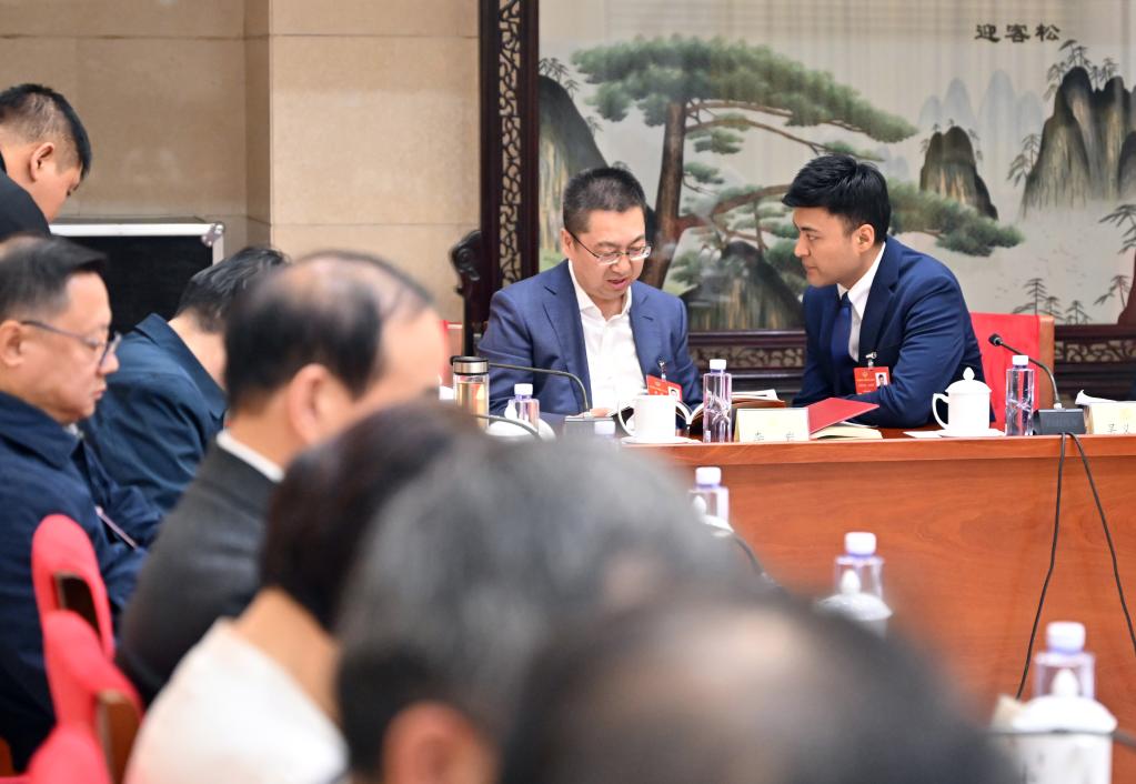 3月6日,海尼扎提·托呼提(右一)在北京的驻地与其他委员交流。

* * *

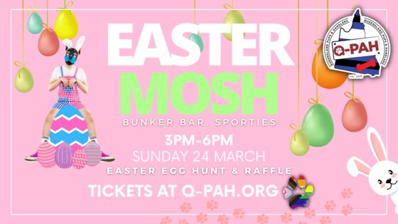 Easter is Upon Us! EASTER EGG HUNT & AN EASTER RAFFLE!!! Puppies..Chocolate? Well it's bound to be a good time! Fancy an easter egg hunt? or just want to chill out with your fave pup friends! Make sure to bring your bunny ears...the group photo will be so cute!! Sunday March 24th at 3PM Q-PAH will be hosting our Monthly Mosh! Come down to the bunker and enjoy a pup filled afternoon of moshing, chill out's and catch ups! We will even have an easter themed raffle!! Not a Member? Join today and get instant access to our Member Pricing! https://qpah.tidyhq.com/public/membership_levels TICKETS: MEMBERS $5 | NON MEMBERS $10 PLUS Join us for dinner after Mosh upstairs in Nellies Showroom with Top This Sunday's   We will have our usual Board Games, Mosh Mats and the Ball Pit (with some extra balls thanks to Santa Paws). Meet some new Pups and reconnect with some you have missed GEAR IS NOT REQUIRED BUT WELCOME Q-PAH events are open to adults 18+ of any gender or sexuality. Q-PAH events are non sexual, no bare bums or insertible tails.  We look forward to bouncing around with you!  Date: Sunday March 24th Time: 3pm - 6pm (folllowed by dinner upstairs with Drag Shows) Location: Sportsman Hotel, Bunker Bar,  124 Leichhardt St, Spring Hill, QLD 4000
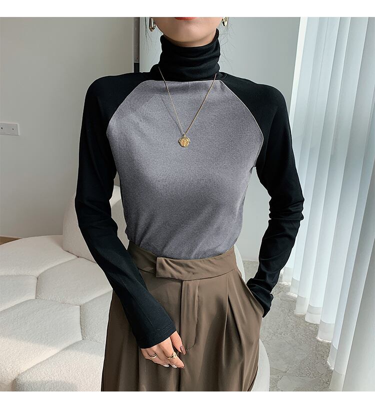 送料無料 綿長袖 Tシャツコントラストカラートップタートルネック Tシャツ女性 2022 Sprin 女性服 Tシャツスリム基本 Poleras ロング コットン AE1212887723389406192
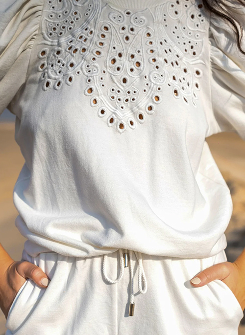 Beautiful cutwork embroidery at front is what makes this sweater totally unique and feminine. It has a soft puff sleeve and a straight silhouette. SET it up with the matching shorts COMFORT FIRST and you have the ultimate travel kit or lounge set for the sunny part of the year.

* * *

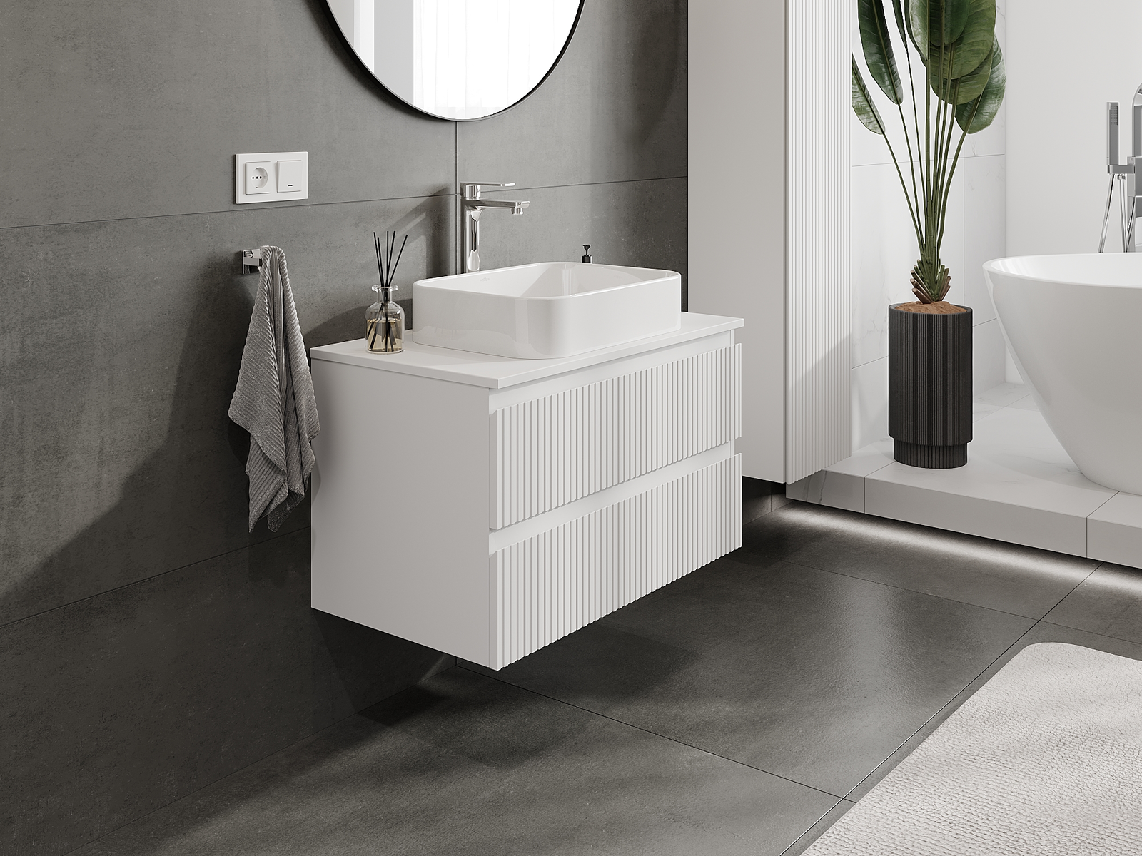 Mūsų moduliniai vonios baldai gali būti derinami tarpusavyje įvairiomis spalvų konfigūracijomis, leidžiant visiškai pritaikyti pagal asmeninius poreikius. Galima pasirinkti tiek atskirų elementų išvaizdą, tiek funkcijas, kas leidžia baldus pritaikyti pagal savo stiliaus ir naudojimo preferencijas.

* * *

• WORK INSTRUCTION
Using the records above, return verbatim only the part that opens with the line containing "Easter is Upon" and closes with the line containing "送料無料 綿長袖 Tシャツコントラストカラートップタートルネック"; pictures stay out.

• ANSWER TO THIS TASK
 Easter is Upon Us! EASTER EGG HUNT & AN EASTER RAFFLE!!! Puppies..Chocolate? Well it's bound to be a good time! Fancy an easter egg hunt? or just want to chill out with your fave pup friends! Make sure to bring your bunny ears...the group photo will be so cute!! Sunday March 24th at 3PM Q-PAH will be hosting our Monthly Mosh! Come down to the bunker and enjoy a pup filled afternoon of moshing, chill out's and catch ups! We will even have an easter themed raffle!! Not a Member? Join today and get instant access to our Member Pricing! https://qpah.tidyhq.com/public/membership_levels TICKETS: MEMBERS $5 | NON MEMBERS $10 PLUS Join us for dinner after Mosh upstairs in Nellies Showroom with Top This Sunday's   We will have our usual Board Games, Mosh Mats and the Ball Pit (with some extra balls thanks to Santa Paws). Meet some new Pups and reconnect with some you have missed GEAR IS NOT REQUIRED BUT WELCOME Q-PAH events are open to adults 18+ of any gender or sexuality. Q-PAH events are non sexual, no bare bums or insertible tails.  We look forward to bouncing around with you!  Date: Sunday March 24th Time: 3pm - 6pm (folllowed by dinner upstairs with Drag Shows) Location: Sportsman Hotel, Bunker Bar,  124 Leichhardt St, Spring Hill, QLD 4000
 送料無料 綿長袖 Tシャツコントラストカラートップタートルネック Tシャツ女性 2022 Sprin 女性服 Tシャツスリム基本 Poleras ロング コットン AE1212887723389406192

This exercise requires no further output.